Goal of this homework: This is the first part of a longer assignment on election systems. You will implement a heap-based adaptable priority queue (with comparators and location-aware entries), more or less as described in the book. You will then apply it to real voting data that you read from a file.

The next two assignments will extend this work. By the end, you will have built a complicated system with several interacting data structures.

Collaboration policy for this homework: You must follow the CS Department Academic Integrity Code, except that for this homework, you may optionally work with one other student in the class. If you do so, you must say who your partner was at the top of your Readme file, and both of you will receive the same grade for the assignment.

How to hand in your work: instructions, upload page

What to hand in (all packaged up in a zip or tar file):

Acknowledgments: Thanks to Usman Zaheer and Yuan Chen for their help in preparing this assignment.

Introduction

As discussed in class, a priority queue keeps track of what to do next. Examples:

Answer the following in your Readme file:

  1. In the Palm Pilot example, the "reminder queue" must support three operations: CHECK whether there is an appointment 10 minutes from now or less, ADD a new appointment to the queue, DELETE an appointment from the queue once the reminder has been delivered.

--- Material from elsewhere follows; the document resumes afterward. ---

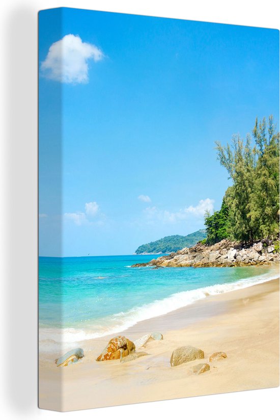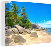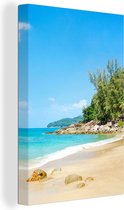 Toile Peinture Plage - Mer - Plantes - Tropical - 90x120 cm - Décoration murale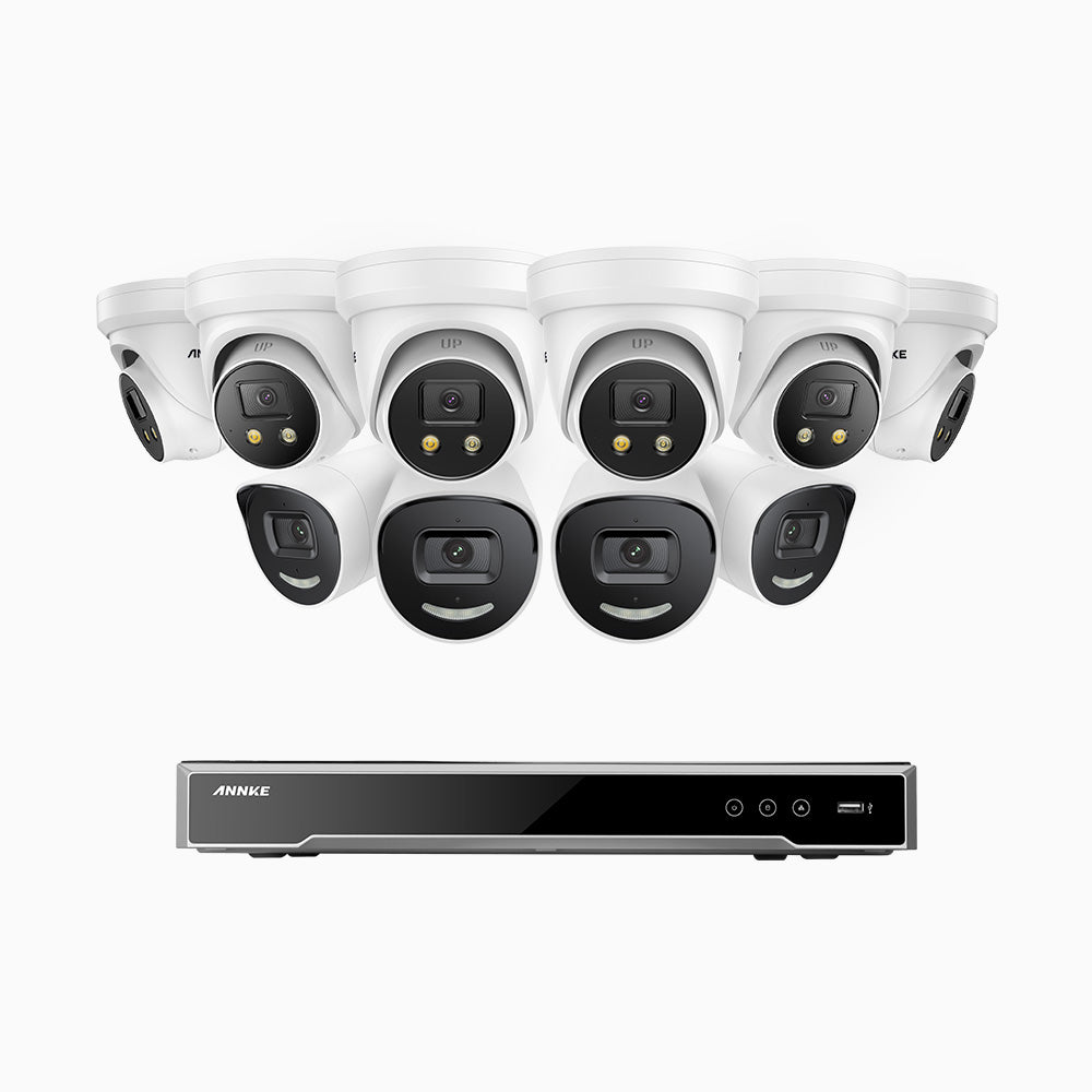 H800X - 4K 16 Channel PoE Security System with 4 Bullet & 6 Turret Cameras, 1/1.8'' BSI Sensor, f/1.6 Aperture (0.003 Lux), Siren & Strobe Alarm,Two-Way Audio, Human & Vehicle Detection, Perimeter Protection, Works with Alexa, All-Metal Housing

    1. Why wouldn't an ordinary queue be an appropriate implementation of a reminder queue?
    2. If you implement the reminder queue using a priority queue, what are the keys and values? What is the comparison function on keys?
    3. What priority queue method do you call for each of the three operations CHECK, ADD, and DELETE?
    4. Which of these three operations needs to be fast for this application?
    5. What implementation would you pick for the priority queue in this circumstance: sorted sequence, unsorted sequence, or heap? Explain carefully why your answer is better than both of the other answers.
  2. This assignment will deal with the city council election example. We will indeed construct a priority queue of all candidates, as described above, for reasons that will become clear later. But if we had 1,000,000 candidates for the 9 seats, this priority queue would be quite big and slightly slow. Briefly sketch a more efficient method that does exactly the same thing - prints out the top 9 candidates from best-to-worst order - using only a small priority queue and a small stack. (We developed most but not all of the answer in class.)

Testing a Heap-Based Priority Queue

Download all the source code we are giving you. You can download the files one at a time, or get it all at once in a zip file.

Your first job is simply to try out a heap-based priority queue, as discussed in the book and in class. The priority queue will implement the following interface:

public interface PriorityQueue {
  public int size();
  public boolean isEmpty();
  public Entry insert(Object key, Object value) throws InvalidKeyException;
  public Entry min() throws EmptyPriorityQueueException;
  public Entry removeMin() throws EmptyPriorityQueueException;
}

We are providing you with the full HeapPriorityQueue class that is defined in the book, as well as the class that it is based on, VectorCompleteBinaryTree (which implements CompleteBinaryTree).

You will have to make a couple of changes to the code at this point. The VectorCompleteBinaryTree class won't compile as given, because it is written to use the Vector interface developed in the textbook. You should trivially fix it to use Java's standard java.util.Vector class (you'll want to click that link to read the class documentation). Once you've done that, it should compile.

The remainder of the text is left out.